▶ Instructions to follow: Repeat every line of the data exactly; no picture belongs in the copy.

▶ Stored items from a collection:
**********
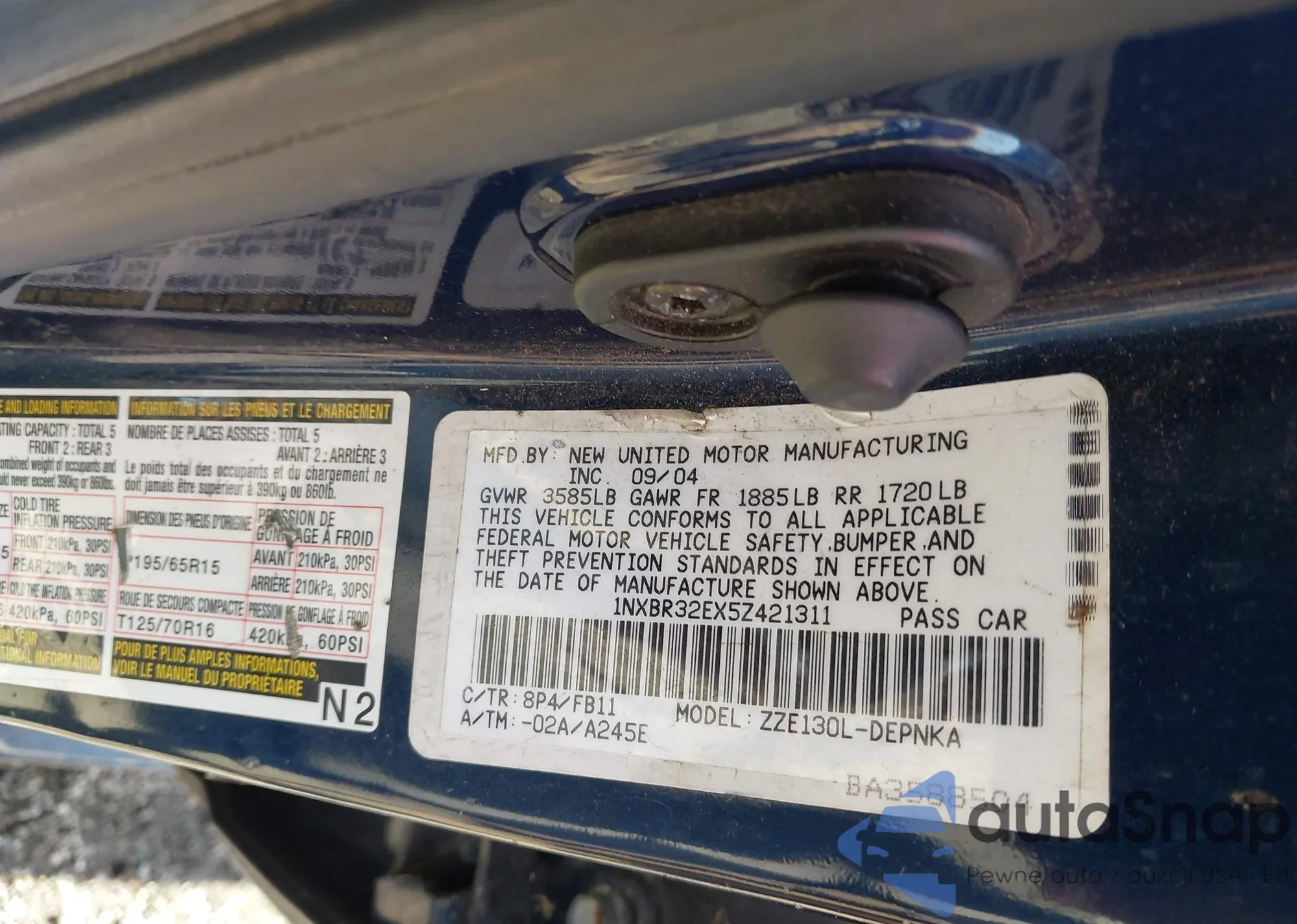 • VIN WBAFR1C58BC747924
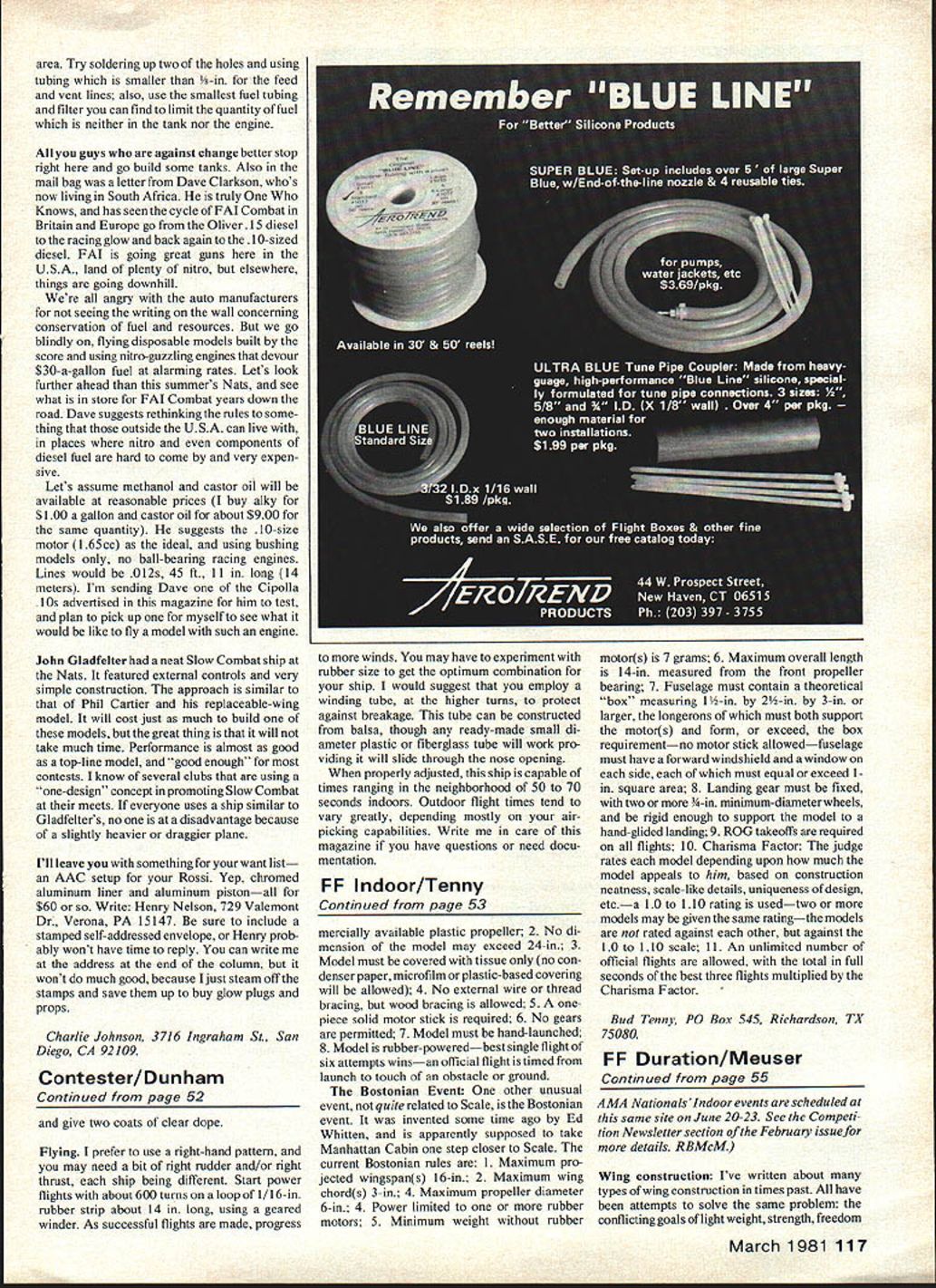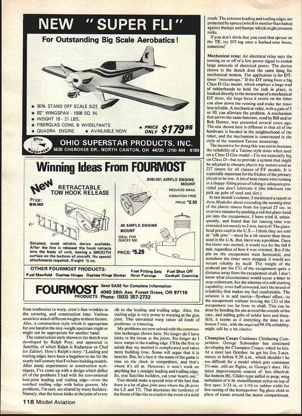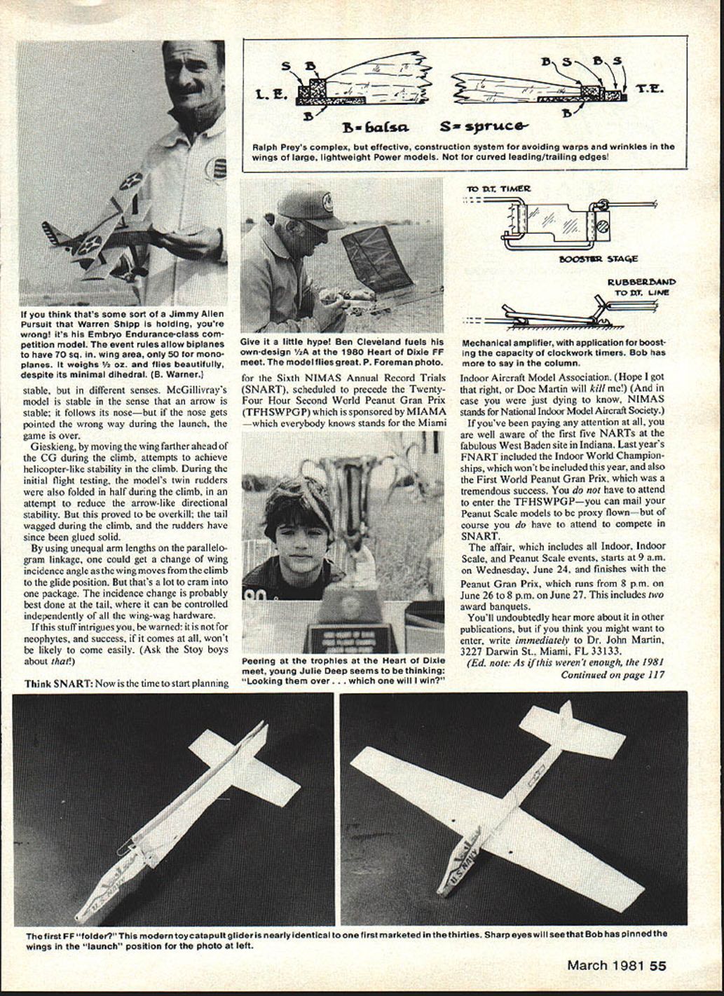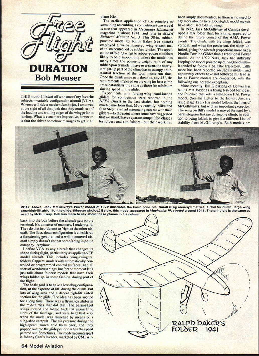 DURATION Bob Meuser THIS month Ill start off favorite subjectsvariable-configuration aircraft VCA Whenever ride modern Jumbo jet am awed sight junk crank Out leading trailing edges wing prior landing What impressive however driver somehow manages get plane Kits earliest application principle something resembling competition-type model appeared Mechanics Illustrated magazine about 1941 later Model Builders Manual No 3 30-in rubberpowered model Ralph Baker see sketch employed well-engineered wing-release chanism controlled rubbertension appli cation folding wings rubber-power models likely disappointing unless model has times power-to-weight ratio rubber-power model have ever seen nearlystraight-up part climb has occupy sub stantial fraction total motor-run time Once climb angle gets down say 450 requirements imposed wing best climb substantially same minimum sinking speed glide Experiments folding-wing hand-launch gliders competition reported NFFS Digest last sixties nothing much came recently Mike Stan Stoy have astounding success glidersto point some have suggested should have separate competition classes folders non-foldersbut work has amply documented no need say about Boost-glide model rockets have also used folding wings 1972 Jack McGillivray Canada devel oped folder time appeared define future course AMA Power events climb wings folded vertical power cut wings un furled giving aircraft proportions like Nordic Towline Glider traditional Power model 1972 Nats Jack difficulty keeping model pointed up during climb tended follow ballistic trajectory Little has reported Jacks model apparently others have followed lead far Power models concerned following notable exception recently Bill Gieskieng Denver has built folder flying test-bed ideas followed full-blown FAI Power model See Letter Editor January issue page 125 model follows lines McGillivrays important exception wing Bills model moved forward parallelogram linkage during climb addi tion being folded give different kind stability McGillivrays Both models VCAs Above Jack McGillivrays Power model 1972 illustrates basic principle Small wing area/symmetrical airfoil climb large wing area/high-lift airfoil glide Meuser photos Below model appeared Meahan/cs Illustrated around 1941 principle same used McGillivray Bob has say about planes column / / / / N back box before aircraft gets tfle terminal Its matter manners understand order frighten other air craft flaps-down configuration considered threatening gesture well-mannered air craft simply doesnt sort thing polite company Anyhow. define VCA aircraft changes its shape during flight particularly applied FF model aircraft includes wing-swingers folders flappers models automatically con trolled programmed control surfaces sorts wondrous things moment lets just talk about folders models have wings folded up some fashion during part flight basic goal have low-drag configura tion expense lift during climb lots wing area decent high-lift airfoil section glide idea has around long time flying toy glider mid-thirties did balsa-sheet wings rotated folded back flat against sides fuselage held way model launched means sling-shot catapult air pressure during high-speed launch held back popped out glide position speed petered out Sometimes modern counterpart Johnny Carrs Invader marketed CMI Air\NfjY ZALPh bAkiizS rouSe 1941 54 Model Aviation stable different senses McGillivrays model stable sense arrow stable follows its nosebut nose gets pointed wrong way during launch game over Gieskieng moving wing farther ahead CG during climb attempts achieve helicopter-like stability climb During initial flight testing models twin rudders also folded half during climb attempt reduce arrow-like directional stability proved overkill tail wagged during climb rudders have since glued solid using unequal arm lengths parallelo gram linkage could get change wing incidence angle wing moves climb glide position thats lot cram package incidence change probably best done tail can controlled independently wing-wag hardware stuff intrigues warned neophytes success comes wont likely come easily Ask Stoy boys about Think SNART Now time start olannine 47BS S 11 B basa S ce Ralph Preys complex effective construction system avoiding warps wrinkles wings large lightweight Power models curved leading/trailing edges Sixth NIMAS Annual Record Trials SNART scheduled precede TwentyFour Hour Second World Peanut Gran Prix TFHSWPGP sponsored MIAMA everybody knows stands Miami 0 UT TIME IOO51 STAC4E RUBBEAAND TOXZt LINE Mechanical amplifier application boost ing capacity clockwork timers Bob has say column Indoor Aircraft Model Association Hope got right Doc Martin will kill case just dying know NIMAS stands National Indoor Model Aircraft Society youve paying attention well aware first five NARTs fabulous West Baden site Indiana Last years FNART included Indoor World Champion ships wont included year also First World Peanut Gran Prix tremendous success have attend enter TFHSWPGPyou can mail Peanut Scale models proxy flownbut course have attend compete SNART affair includes Indoor Indoor Scale Peanut Scale events starts 9 am Wednesday June 24 finishes Peanut Gran Prix runs 8 pm June 26 8 pm June 27 includes two award banquets Youll undoubtedly hear about other publications think might want enter write immediately Dr John Martin 3227 Darwin St Miami FL 33133 Ed note As werent enough 1981 Continued page 117 first FF folder modern toycatapult glider nearly identical tirst marketed thirties sharp eyeswill see max uoo nsa pinneu inc wings launch position photo left March 1981 55 think thats some sort Jimmy Allen Pursuit Warren Shipp holding youre wrong its Embryo Endurance-class com petition model event rules allow biplanes have 70 sq wing area 50 mono planes weighs lies beautifully despite its minimal dihedral B Warner Give little hype Ben Cleveland fuels own-design 1/zA i980 Heart Dixie FF meet model flies great P Foreman photo Peering trophi
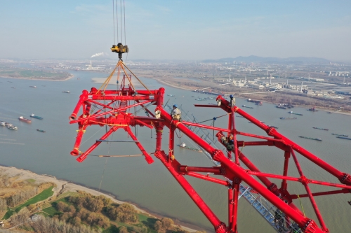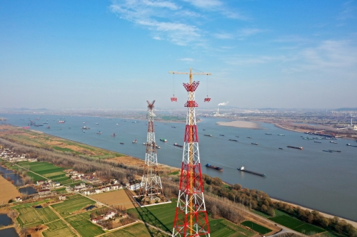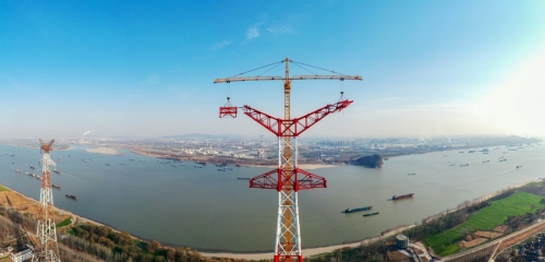 12月26日,位于安徽马鞍山长江边的白鹤滩——江苏±800千伏特高压直流输电工程长江大跨越输电钢管塔封顶。这座输电钢管塔高278.2米,经过建设者60余天的奋战成功封顶。
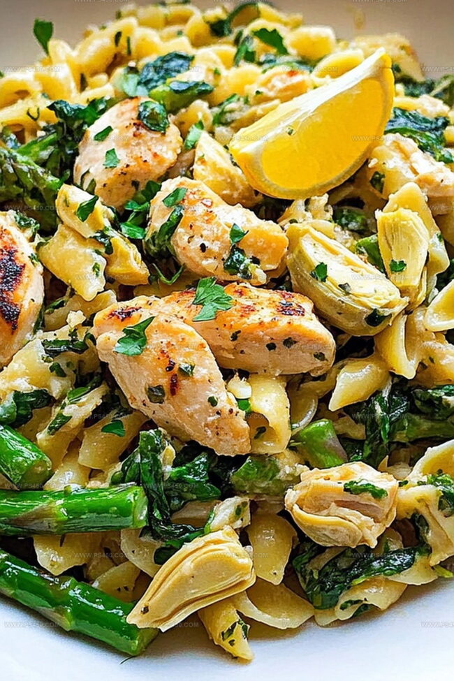 Pasta Base:Protein:Vegetables and Herbs:Sauce and Seasoning:Steps To Make Chicken And Asparagus Spinach And Artichoke Pasta
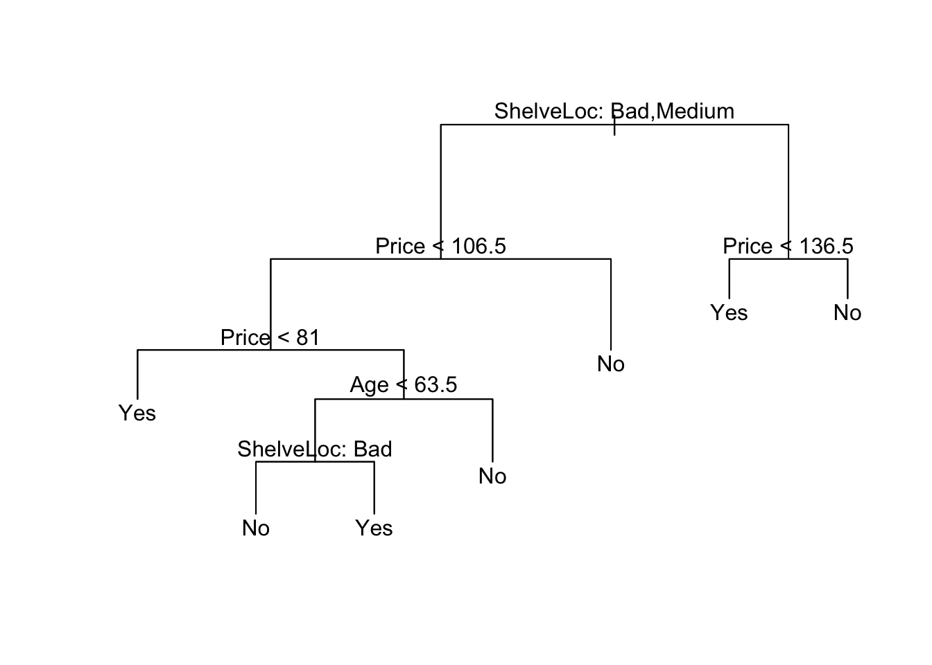 test <- which(!(seq(nrow(carseat_data)) %in% train))We can now train a decision tree using the function tree()
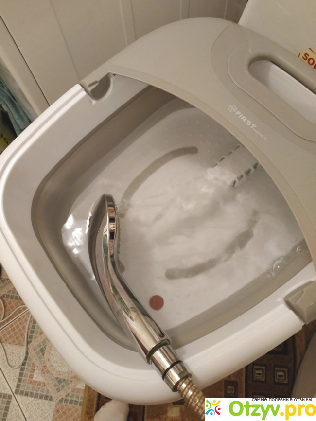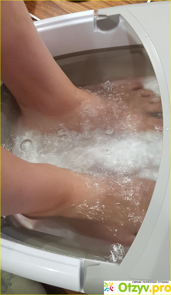 Ванночка прочная, из хорошего пластика и силиконовых вставок. Подойдет для больших и маленьких ног. На что я обратила внимание - это то, что кнопка переключения режимов располагается у самых ног, и в процессе использования не совсем удобно ею пользоваться, хотя со временем можно быстро к этому привыкнуть. Для одной процедуры потребуется около четырех литров воды. Нагрев работает отлично. Пузырьковый режим для меня один из самых любимых. Он расслабляет, особенно это хорошо для уставших после длинного рабочего дня ножек. Пузырьки немного бьют по стопе, это решается, если немного приподнять ноги.
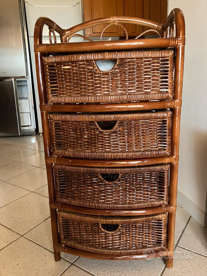 Cassettiera Mobiletto Bagno 4 Ceste 4 Cassetti Legno Vimini Urban
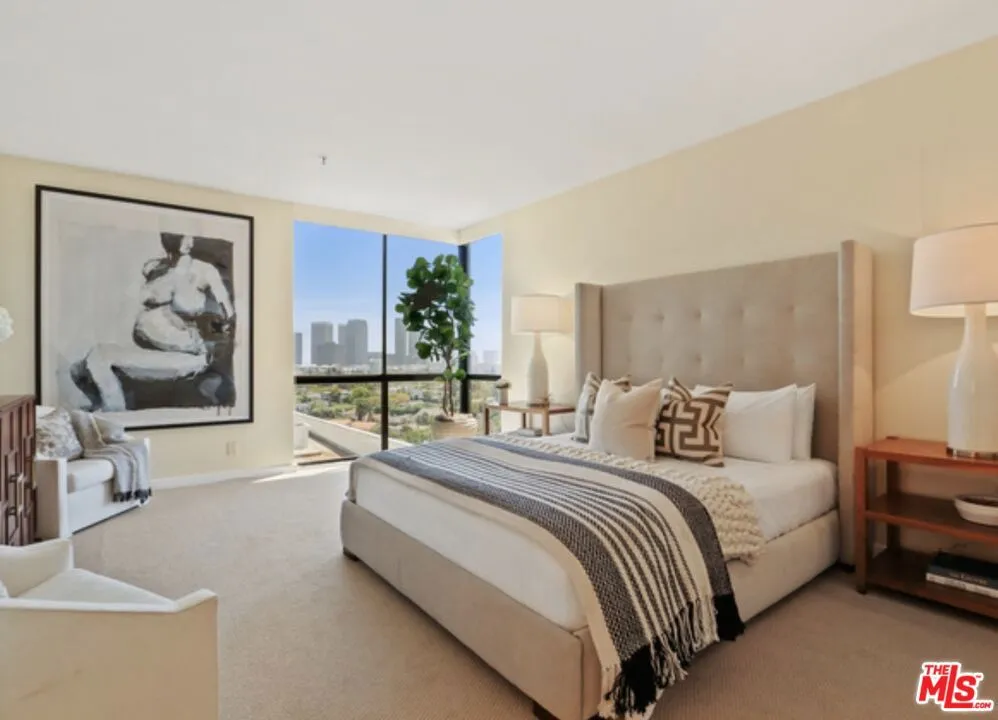Perched high on the 10th floor of the coveted Wilshire Corridor, this refined 3 bedroom, 3.5 bath residence offers an exceptional level of sophistication, scale, and sweeping south-facing city and treetop views. Bathed in natural light, the home captures both southern and eastern exposures, creating luminous interiors and tranquil private retreats. A grand open-concept living and entertaining space is anchored by elegant flooring and expansive windows that frame panoramic skyline vistas. An impressive oversized bar serves as a dramatic focal pointperfect for hosting intimate gatherings or elegant evenings at home. The gourmet kitchen is thoughtfully designed to flow seamlessly into the main living areas, yet offers the flexibility to be closed off for privacy when desiredideal for formal entertaining. A conveniently located laundry unit is discreetly positioned within the kitchen area for everyday ease. Each bedroom is generously proportioned and features its own ensuite bath, providing comfort and privacy. The primary suite offers a serene retreat elevated above the city, complete with a spacious bathroom, dedicated vanity area, generous walk-in closet, and refined finishes throughout. This exceptional residence also includes a dedicated electric vehicle charging station exclusive to the unit, along with private storage space in the parking garage, offering both convenience and practicality. Residents enjoy the full-service amenities of one of the Corridor's premier luxury buildings, including 24-hour security, valet service, doorman, a state-of-the-art fitness center, resort-style pool, and conference room.A rare opportunity to experience elevated, full-service living in one of Los Angeles' most prestigious addresses.
**********
▶ Exercise response:
 • VIN WBAFR1C58BC747924
 DURATION Bob Meuser THIS month Ill start off favorite subjectsvariable-configuration aircraft VCA Whenever ride modern Jumbo jet am awed sight junk crank Out leading trailing edges wing prior landing What impressive however driver somehow manages get plane Kits earliest application principle something resembling competition-type model appeared Mechanics Illustrated magazine about 1941 later Model Builders Manual No 3 30-in rubberpowered model Ralph Baker see sketch employed well-engineered wing-release chanism controlled rubbertension appli cation folding wings rubber-power models likely disappointing unless model has times power-to-weight ratio rubber-power model have ever seen nearlystraight-up part climb has occupy sub stantial fraction total motor-run time Once climb angle gets down say 450 requirements imposed wing best climb substantially same minimum sinking speed glide Experiments folding-wing hand-launch gliders competition reported NFFS Digest last sixties nothing much came recently Mike Stan Stoy have astounding success glidersto point some have suggested should have separate competition classes folders non-foldersbut work has amply documented no need say about Boost-glide model rockets have also used folding wings 1972 Jack McGillivray Canada devel oped folder time appeared define future course AMA Power events climb wings folded vertical power cut wings un furled giving aircraft proportions like Nordic Towline Glider traditional Power model 1972 Nats Jack difficulty keeping model pointed up during climb tended follow ballistic trajectory Little has reported Jacks model apparently others have followed lead far Power models concerned following notable exception recently Bill Gieskieng Denver has built folder flying test-bed ideas followed full-blown FAI Power model See Letter Editor January issue page 125 model follows lines McGillivrays important exception wing Bills model moved forward parallelogram linkage during climb addi tion being folded give different kind stability McGillivrays Both models VCAs Above Jack McGillivrays Power model 1972 illustrates basic principle Small wing area/symmetrical airfoil climb large wing area/high-lift airfoil glide Meuser photos Below model appeared Meahan/cs Illustrated around 1941 principle same used McGillivray Bob has say about planes column / / / / N back box before aircraft gets tfle terminal Its matter manners understand order frighten other air craft flaps-down configuration considered threatening gesture well-mannered air craft simply doesnt sort thing polite company Anyhow. define VCA aircraft changes its shape during flight particularly applied FF model aircraft includes wing-swingers folders flappers models automatically con trolled programmed control surfaces sorts wondrous things moment lets just talk about folders models have wings folded up some fashion during part flight basic goal have low-drag configura tion expense lift during climb lots wing area decent high-lift airfoil section glide idea has around long time flying toy glider mid-thirties did balsa-sheet wings rotated folded back flat against sides fuselage held way model launched means sling-shot catapult air pressure during high-speed launch held back popped out glide position speed petered out Sometimes modern counterpart Johnny Carrs Invader marketed CMI Air\NfjY ZALPh bAkiizS rouSe 1941 54 Model Aviation stable different senses McGillivrays model stable sense arrow stable follows its nosebut nose gets pointed wrong way during launch game over Gieskieng moving wing farther ahead CG during climb attempts achieve helicopter-like stability climb During initial flight testing models twin rudders also folded half during climb attempt reduce arrow-like directional stability proved overkill tail wagged during climb rudders have since glued solid using unequal arm lengths parallelo gram linkage could get change wing incidence angle wing moves climb glide position thats lot cram package incidence change probably best done tail can controlled independently wing-wag hardware stuff intrigues warned neophytes success comes wont likely come easily Ask Stoy boys about Think SNART Now time start olannine 47BS S 11 B basa S ce Ralph Preys complex effective construction system avoiding warps wrinkles wings large lightweight Power models curved leading/trailing edges Sixth NIMAS Annual Record Trials SNART scheduled precede TwentyFour Hour Second World Peanut Gran Prix TFHSWPGP sponsored MIAMA everybody knows stands Miami 0 UT TIME IOO51 STAC4E RUBBEAAND TOXZt LINE Mechanical amplifier application boost ing capacity clockwork timers Bob has say column Indoor Aircraft Model Association Hope got right Doc Martin will kill case just dying know NIMAS stands National Indoor Model Aircraft Society youve paying attention well aware first five NARTs fabulous West Baden site Indiana Last years FNART included Indoor World Champion ships wont included year also First World Peanut Gran Prix tremendous success have attend enter TFHSWPGPyou can mail Peanut Scale models proxy flownbut course have attend compete SNART affair includes Indoor Indoor Scale Peanut Scale events starts 9 am Wednesday June 24 finishes Peanut Gran Prix runs 8 pm June 26 8 pm June 27 includes two award banquets Youll undoubtedly hear about other publications think might want enter write immediately Dr John Martin 3227 Darwin St Miami FL 33133 Ed note As werent enough 1981 Continued page 117 first FF folder modern toycatapult glider nearly identical tirst marketed thirties sharp eyeswill see max uoo nsa pinneu inc wings launch position photo left March 1981 55 think thats some sort Jimmy Allen Pursuit Warren Shipp holding youre wrong its Embryo Endurance-class com petition model event rules allow biplanes have 70 sq wing area 50 mono planes weighs lies beautifully despite its minimal dihedral B Warner Give little hype Ben Cleveland fuels own-design 1/zA i980 Heart Dixie FF meet model flies great P Foreman photo Peering trophi
 12月26日,位于安徽马鞍山长江边的白鹤滩——江苏±800千伏特高压直流输电工程长江大跨越输电钢管塔封顶。这座输电钢管塔高278.2米,经过建设者60余天的奋战成功封顶。
 Pasta Base:Protein:Vegetables and Herbs:Sauce and Seasoning:Steps To Make Chicken And Asparagus Spinach And Artichoke Pasta
 test <- which(!(seq(nrow(carseat_data)) %in% train))We can now train a decision tree using the function tree()
 Ванночка прочная, из хорошего пластика и силиконовых вставок. Подойдет для больших и маленьких ног. На что я обратила внимание - это то, что кнопка переключения режимов располагается у самых ног, и в процессе использования не совсем удобно ею пользоваться, хотя со временем можно быстро к этому привыкнуть. Для одной процедуры потребуется около четырех литров воды. Нагрев работает отлично. Пузырьковый режим для меня один из самых любимых. Он расслабляет, особенно это хорошо для уставших после длинного рабочего дня ножек. Пузырьки немного бьют по стопе, это решается, если немного приподнять ноги.
 Cassettiera Mobiletto Bagno 4 Ceste 4 Cassetti Legno Vimini Urban
Perched high on the 10th floor of the coveted Wilshire Corridor, this refined 3 bedroom, 3.5 bath residence offers an exceptional level of sophistication, scale, and sweeping south-facing city and treetop views. Bathed in natural light, the home captures both southern and eastern exposures, creating luminous interiors and tranquil private retreats. A grand open-concept living and entertaining space is anchored by elegant flooring and expansive windows that frame panoramic skyline vistas. An impressive oversized bar serves as a dramatic focal pointperfect for hosting intimate gatherings or elegant evenings at home. The gourmet kitchen is thoughtfully designed to flow seamlessly into the main living areas, yet offers the flexibility to be closed off for privacy when desiredideal for formal entertaining. A conveniently located laundry unit is discreetly positioned within the kitchen area for everyday ease. Each bedroom is generously proportioned and features its own ensuite bath, providing comfort and privacy. The primary suite offers a serene retreat elevated above the city, complete with a spacious bathroom, dedicated vanity area, generous walk-in closet, and refined finishes throughout. This exceptional residence also includes a dedicated electric vehicle charging station exclusive to the unit, along with private storage space in the parking garage, offering both convenience and practicality. Residents enjoy the full-service amenities of one of the Corridor's premier luxury buildings, including 24-hour security, valet service, doorman, a state-of-the-art fitness center, resort-style pool, and conference room.A rare opportunity to experience elevated, full-service living in one of Los Angeles' most prestigious addresses.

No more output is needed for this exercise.